I don’t remember Saturday. Before you say anything, I wasn’t under the influence. I was tired after running round town on errands, and the day seemed to disappear in a flash, much like Celtic’s winning run. Due to the absence of a number of players who hadn’t returned from International duty, and the injured Scott Brown, Mikel Lustig and Andre Blackman made their debuts, and Charlie Mulgrew was in centre-midfield. Sadly for Blackman, one of his legs got in the way of a shot from an Aberdeen player and the ball was deflected past Fraser Forster. This cancelled out a well-worked Anthony Stokes goal. Here’s hoping this isn’t the start of a downward spiral.

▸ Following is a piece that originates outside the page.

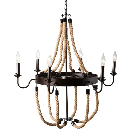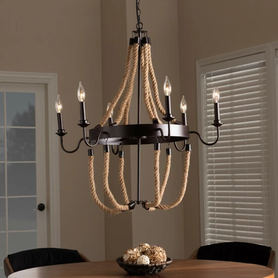 Featuring a rich mix of materials, the Cassia chandelier is a striking addition to any space. Twelve pieces of hemp rope are suspended from a circular metal ring that holds six light bulbs. Candle base sockets with curved arms and matte espresso-finished metal give this chandelier an antique feel.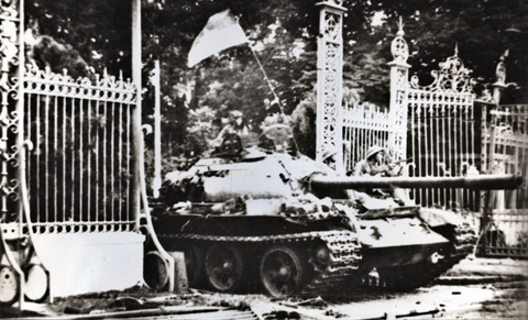 «Les soldats de l’armée de libération, moi y compris, étions très enthousiastes après le combat à la base militaire Nuoc Trong, détaille Hoà. Une fois le pont Saigon traversé, nous (trois autres soldats du tank N°846 et moi) étions très émus. Quand nous sommes entrés dans Saigon, j’ai demandé à mes hommes d’être tranquilles et attentifs pour pouvoir maîtriser la situation. Nous pensions que la guerre était finie et que le pays serait réuni». Le convoi blindé de l’armée de libération s’est alors orienté vers le Palais Dôc Lâp. À côté de la route, les Saigonais, fleurs dans les mains, ont salué l’armée de libération.

Today, after an excess of ironing, I lost the will to live, and sat around staring at the telly all afternoon. I’ve no idea what was on, but that didn’t matter. I snapped out of my trance in time to travel to Paisley to take part in an open rehearsal with the St. James Orchestra, as part of the Weaving Musical Threads festival. We played the theme to ‘Chariots of Fire’, Johann Strauss’ 'Radetsky March' and Souza’s 'Liberty Bell’. Unfortunately, it only lasted for an hour. I returned home and took my telescope out to take advantage of the clear sky, which, typically, had started to cloud over. I eventually managed to see more detail on the moon than I had previously (sorry, no photos), but had no luck with Jupiter, Venus, Mars and anything else I could see with the naked eye. I’m not giving up, yet, but I’m thinking about it.